In September 2022, WPATH unveiled its new SOC 8 for trans and gender-diverse (TGD) medical and mental health care.  Included in Appendix D are the new letter referral suggestions.  Like many of you, the Crane Center is thrilled with the reduction of many barriers preventing TGD individuals from obtaining gender-affirming surgeries (GAS).  Thus far, insurance companies have followed the SOC 7 guidelines requiring 3 letters for any bottom surgery and 1 letter for any top/FFS surgery.  Some insurance companies have additional requirements for GAS.  
Though WPATH has unveiled its new suggestions, it will take insurance companies time to evolve.  Until then, the Crane Center will continue to require all patients using insurance for GAS to follow the SOC 7 guidelines.  This adherence to the outdated guidelines will prevent any last-minute and unfortunate denials based on insufficient letter submission.

WPATH Standards of Care recommend letters of support from licensed mental health providers and/or hormone providers as part of the surgical transition process. Your insurance provider also will require the same letters to approve coverage.

Below are the letter requirements pertaining to each procedure type and the WPATH Soc V.7 criteria that must be met for each letter, as well as additional criteria imposed by certain insurance plans.

*Please note: All letters must be on letterhead and signed by the provider with their license number. Letters cannot be written by an intern or resident. Letters should be sent in as a PDF document, without password protection.

  • Letters for Texas patients can be faxed to 512.597.0402 or emailed to
  • Letters for California patients can be faxed to 415.461.3233 or emailed to

Top Surgery, Breast Augmentation & Facial Feminization Surgery:

  • One letter from a licensed mental health specialist (LCSW, MFT, LMFT, CSW, Ph.D., Psy.D., etc.)
  • California patients: Anthem Blue Cross requires two letters from two separate mental health specialists
  • Texas patients: Blue Cross Blue Shield of Texas requires one letter from a Doctorate level provider (Ph.D., Psy.D. or Psychiatrist)
  • Blue Cross Blue Shield Federal Employee Program patients: BCBS FEP requires 12 months of continuous hormone therapy & 2 referral letters from qualified mental health professionals (one must be from the psychotherapist who has treated the member for a minimum of 12 months)

Bottom Surgery:

Two Letters from 2 different licensed mental health specialists

  • 1 letter can be from a provider who has only had an evaluative role
  •  At least one of the letters must be from a provider with a doctorate level degree (Ph.D., Psy.D., etc.)
  • Texas patients: Blue Cross Blue Shield of Texas requires two letters from a Doctorate level provider (Ph.D., Psy.D. or Psychiatrist) 

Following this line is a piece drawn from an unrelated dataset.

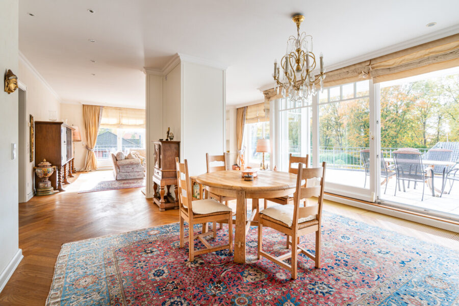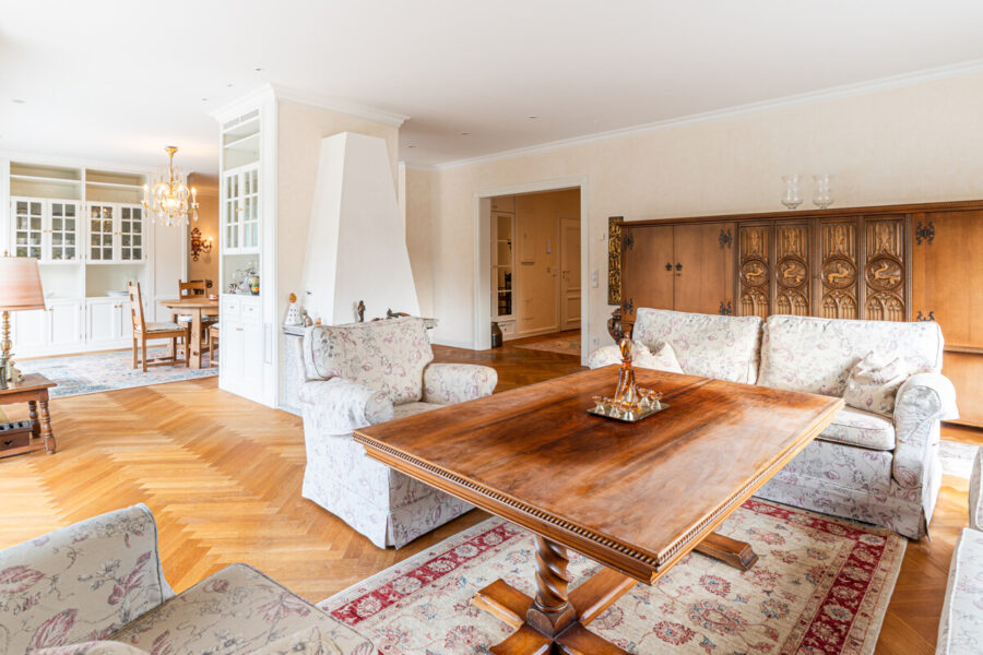 Der weitläufige Wohnbereich ist mit hochwertigem Eichenparkett im Fischgrätmuster ausgestattet und verfügt über einen offenen Kamin, der für eine angenehme Wohnstimmung sorgt. Von hier aus gelangt man auf die umlaufende Dachterrasse, die die Wohnung nahezu vollständig umgibt. Sie ist von allen Zimmern der unteren Etage aus begehbar und bietet verschiedene Aufenthaltsbereiche mit Blick ins Grüne über die Nachbarschaft. Zwei Wasseranschlüsse und mehrere Steckdosen ermöglichen eine vielseitige Nutzung des Außenbereichs.

The mental health provider letter(s) must include ALL of the following:

  • Patient’s legal and preferred name
  • Patient’s date of birth
  • Date provider/patient relationship began and the frequency of contact
  • A statement that the patient has been diagnosed with persistent, well-documented gender dysphoria/gender identity disorder and exhibits all of the following:
    • The desire to live and be accepted as a member of the opposite sex, usually accompanied by the wish to make his or her body as congruent as possible with the preferred sex through surgery and hormone treatment; and
    • The transgender identity has been present persistently for at least two years; and
    • The disorder is not a symptom of another mental health disorder; and
    • The disorder causes clinically significant distress or impairment in social, occupational, or other important areas of functioning.
    • Documentation that the patient has completed a minimum of 12 continuous months of living in a gender role that is congruent with their gender identity, across a wide range of life experience and events that may occur throughout the year.
    • The patient has undergone a minimum of 12 continuous months of hormone therapy (recommended for bottom surgery and breast augmentation only).
    • A statement that the patient has the capacity to make fully informed decisions and to consent for treatment.
    • That the patient is able to comply with long term follow-up requirements and post- operative expectations have been addressed.
    • If the patient has significant medical or mental health issues present, they must be reasonably well controlled.
    • Any substance use (marijuana, alcohol, etc.) is well controlled for at least 6 months prior to the patient’s surgical date.
    • The provider must state their experience with treating patients diagnosed with gender dysphoria.

The letter from your Hormone Provider must include:

  • Patient’s legal and preferred name
  • Patient’s date of birth
  • Date provider/patient relationship began and the frequency of contact
  • Date hormone therapy began and the frequency of treatment
  • That the patient has undergone a minimum of 12 continuous months of hormone replacement therapy
  • If the patient has a contraindication to hormone therapy, please note this

*Please note that WPATH Standards of Care states that patients should be the age of majority (18 years of age in the US) for surgery coverage. Patients under the age of 18 require the consent of both patents or legal guardians.  Additional requirements will be discussed at the time of consultation.